Edit; please disregard; just did the math and found the density of water in the CALCs tab...looks like it is set by default at a sort of average sea water density.

Second Edit: making changes, even big changes, in the Density of Water at D16 of the CALCS spreadsheet doesn't seem to have the affect I would have expected elsewhere in the sheet when using a Drysuit?
 
Just trying out the spreadsheet the first time. Noticed no data entry point that I could find for salt or fresh water. Is the whole spreadsheet assuming saltwater everywhere?

Edit; please disregard; just did the math and found the density of water in the CALCs tab...looks like it is set by default at a sort of average sea water density.

Second Edit: making changes, even big changes, in the Density of Water at D16 of the CALCS spreadsheet doesn't seem to have the affect I would have expected elsewhere in the sheet when using a Drysuit?
No, the drysuit calcs do not reference cell D16. My error. They have a close approximation of D16 embedded in their buoyancy formula, and we'll incorporate what you found in the next version. So your conclusion is correct: this all assumes sea water.

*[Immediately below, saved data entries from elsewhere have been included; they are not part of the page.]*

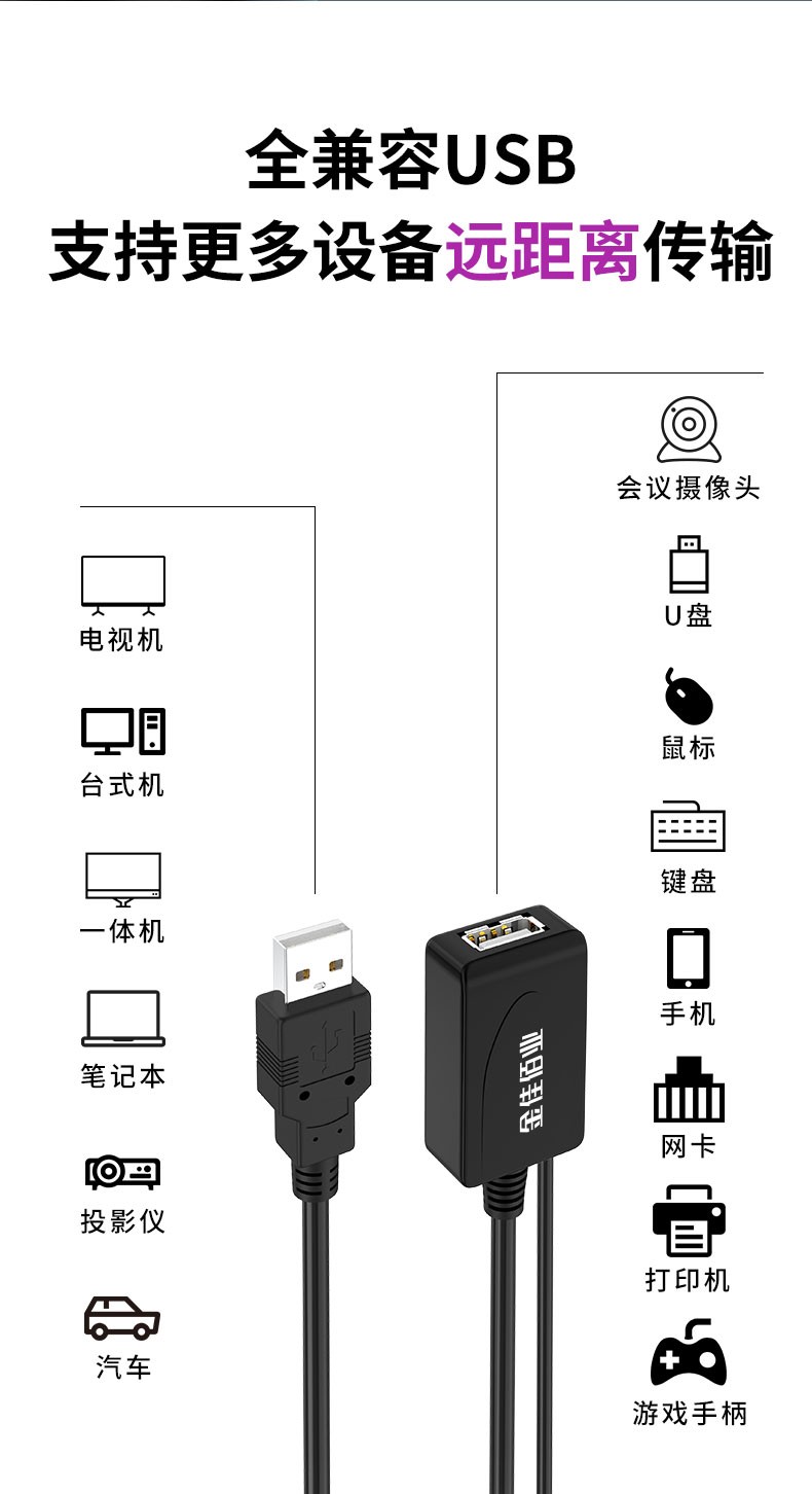 1.USB2.0延長器,環(huán)保PVC外被2.全銅芯線,多層屏蔽抗干擾,信號穩(wěn)定3.進口芯片,高速傳輸,超強延長,不失真 4.兼容眾多設(shè)備遠距離傳輸5.24AWG+26AWG線規(guī) OD5.06.10米-15米一個放大器,20米-25米二個放大器,30米三個放大器
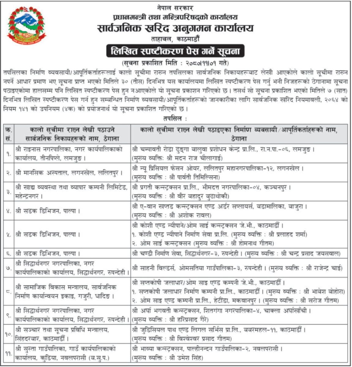 PPMO has issued notices against New Precious Fashion Wear, Pragati Construction Pvt. Ltd., A-one Khaptad Construction and Order Suppliers, and others.
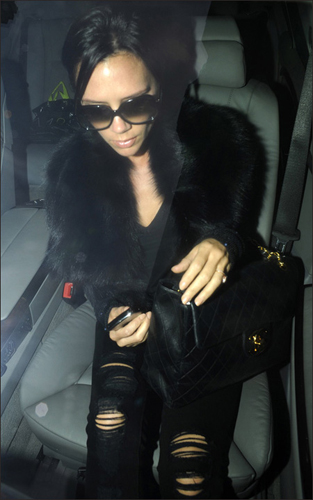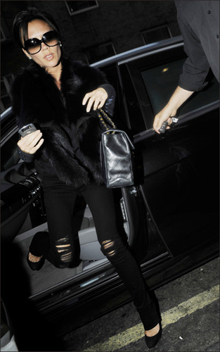 一向是站在潮流间断,绝对走超级贵妇路线的贝嫂维多利亚·贝克汉姆最近也挡不住破洞裤这股十分抢劲的时尚风的侵袭,也穿起了破洞裤子,但是虽然下身走了街头随性的路线,上身却硬要坚持自己的奢华装扮,黑色的皮草立撑场面。
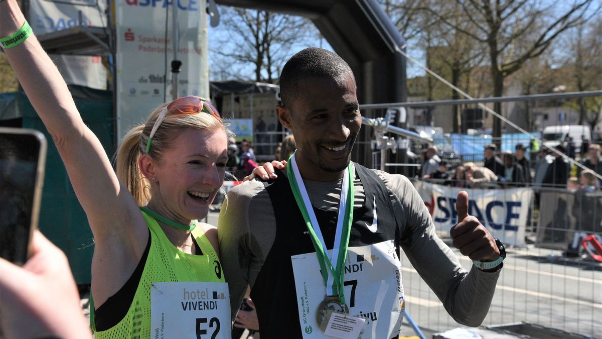 Endlich konnte der Paderborner Osterlauf nach zwei Jahren Coronapause wieder stattfinden und damit an die Tradition anknüpfen. Es war ein Tag mit Bilderbuchwetter, von dem jeder Langstreckler und Organisator träumt. So konnte am Karsamstag der Paderborner Osterlauf als ältester Deutscher Straßenlauf mit mehr als 6.200 Läuferinnen und Läufern in vier Rennen seine 74. Auflage feiern. Bei strahlendem Sonnenschein und fast 15° C gab im Zieleinlauf strahlende Gesichter. Aus deutscher Sicht gab es über 10 Kilometer einen Doppelsieg durch die Frankfurter Marathonspezialistin Katharina Steinruck (Heinig) und durch Homiyu Tesfaye (TSV Pfungstadt). Katharina Steinruck, die erst vor zwei Wochen in Berlin den Halbmarathon in 69:38 Minuten lief und damit erstmals unter 70 Minuten bleiben konnte, nutzte ihre gute Form, um als Siegerin ihre Bestzeit um sechs Sekunden auf 31:53 Minuten zu verbessern. Platz zwei ging an Laura Hottenrot (PSV Grün-Weiß Kassel), die mit schnellen 32:32 Minuten ihre bisher zweitschnellste Zeit lief. Abgerundet wurde der deutsche Erfolg durch die 41-jährige und 45.fachige Deutsche Meisterin Sabrina Mockenhaupt (LV Plietzhausen) auf Platz vier in 33:49 Minuten. Für eine eindrucksvolle Überraschung sorgte bei den Männern der Deutsche 1.500-Meter-Hallenrekordler Homiyu Tesfaye (TSV Pfungstadt). Er ist in Paderborn kein Unbekannter, denn er gewann hier schon 2015 über die 10- Kilometer Distanz in der damaligen Weltjahresbestzeit von 27:54 Minuten. In einem sehenswerten Solorennen alleine gegen die Uhr meldete er sich zurück und überraschte im Ziel mit bemerkenswerten 28:14 Minuten im Ziel. Platz zwei ging mit fast einer Minute Rückstand an den Belgier Sander Vercauteren in 29:09 Minuten. Der Wattenscheider Mitfavorit Amanal Petros konnte nach schlechten Blutwerten nur als Tempomacher unterwegs eingesetzt werden
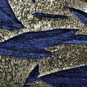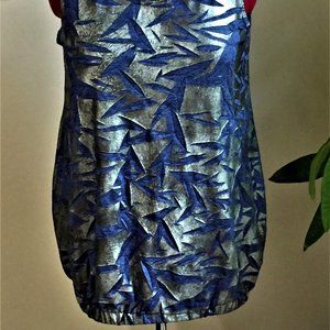 LACE silver metallic blue leaf print sleeveless top with a round neckline and an elastic at the hemline to give puffiness. The length of the top is approximately 30" from the back neckline to the hemline. The fabric is made of 95% polyester and 5% spandex.
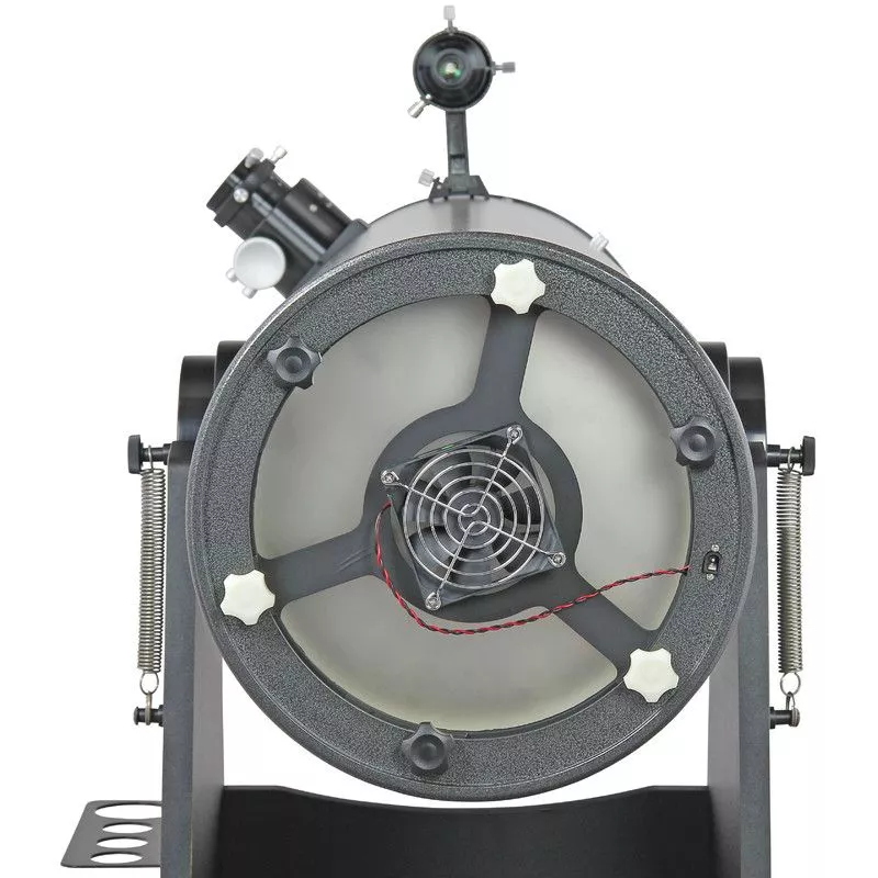 Nur ein leises unauffälliges Brummen, aber eine große Wirkung: Der integrierte 12V-Lüfter sorgt für eine bis zu 50% schnellere Auskühlung des Hauptspiegels. Damit erreicht Ihr Teleskop schneller die optimale Abbildungsqualität. Sie müssen nicht mehr länger warten.

For fresh water, "deduct 3-5 lb". :)

We are in the process of the next big change to this toy. There are overestimations of surface buoyancy that are currently under evaluation. That's the easy one - things like hood or no hood, gloves or no gloves. And a slight, general overestimate of the effect of body surface area.
There are also errors in wetsuit compression. To our surprise, there may be more retained buoyancy at depth than we had originally thought.
Stand by...We should have a new set of formulas in about four months. We haven't forgotten this toy. It's just a slow process, accumulating data.
 
Thanks for the reply! Like the other commenters, I really appreciate all the work to set this up and share. I've been certified for 50+ years, but just now getting ready to do some serious cold-water/drysuit diving. Will be doing a trip to the PNW in November, with partially rented gear and my new drysuit, so I'm finding the capability to plug and play and look at the results to be very useful.
 
Thanks for all the hard work! It's a really useful spreadsheet. Would it be possible to put a cell in the initial data entry that could be salt or fresh water and then calculations adjusted accordingly? You say subtract 3-5 lbs. for freshwater. Isn't it some percentage (~2.5% if memory serves) of total overall weight of person+rig? You know the weight of diver, tanks, gas, rig, weights, etc so this could be calculated more precisely. Would help those of us that go between salt and fresh in different rigs. Thanks again.
 
Would it be possible to put a cell in the initial data entry that could be salt or fresh water and then calculations adjusted accordingly?
Of course! Already being implemented. Great suggestion, thanks!